━━━ Data ━━━
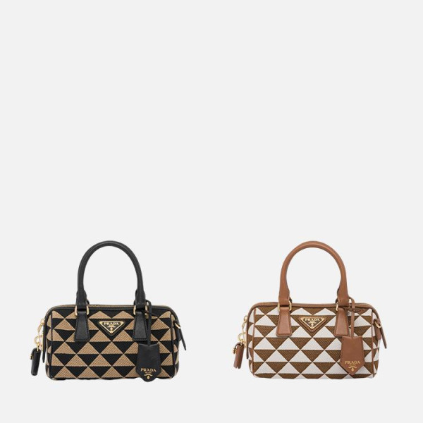 프라다 심볼 자수 패브릭 탑 핸들 백
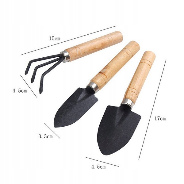 Набір міні садових інструментів - 3 елементи - дерев'яні ручки
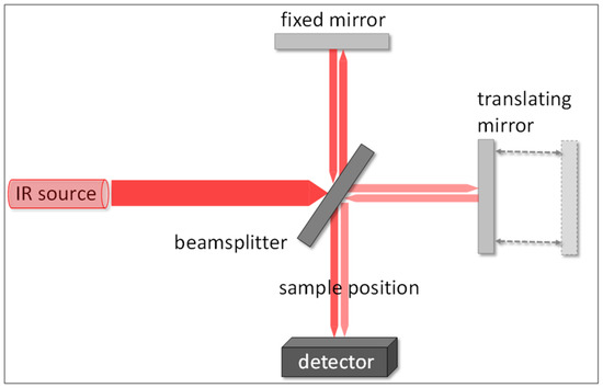 The experiments that are presented and discussed in this review have been carried out mainly in the mid IR frequency range, between approximately 700 and 4000 cm−1, in which most of the molecular vibrations absorb light. Currently, Fourier transform infrared spectrometers (FTIR) are employed, and such instruments are fairly cheap and widespread in most analytical and research laboratories. In FTIR instruments a Michelson interferometer processes the collimated IR light before focusing it onto the sample and further collects and detects the resulting beam. According to Figure 4, the IR beam is split into two equal beams, the former is refracted in the direction of a fixed mirror, whereas the latter is transmitted to a movable mirror.
━━━
• **Your task**
What the answer must hold is the exact text of every line from the one containing "Набір міні садових" through the end of the data, minus any pictures.

• **The answer**
 Набір міні садових інструментів - 3 елементи - дерев'яні ручки
 The experiments that are presented and discussed in this review have been carried out mainly in the mid IR frequency range, between approximately 700 and 4000 cm−1, in which most of the molecular vibrations absorb light. Currently, Fourier transform infrared spectrometers (FTIR) are employed, and such instruments are fairly cheap and widespread in most analytical and research laboratories. In FTIR instruments a Michelson interferometer processes the collimated IR light before focusing it onto the sample and further collects and detects the resulting beam. According to Figure 4, the IR beam is split into two equal beams, the former is refracted in the direction of a fixed mirror, whereas the latter is transmitted to a movable mirror.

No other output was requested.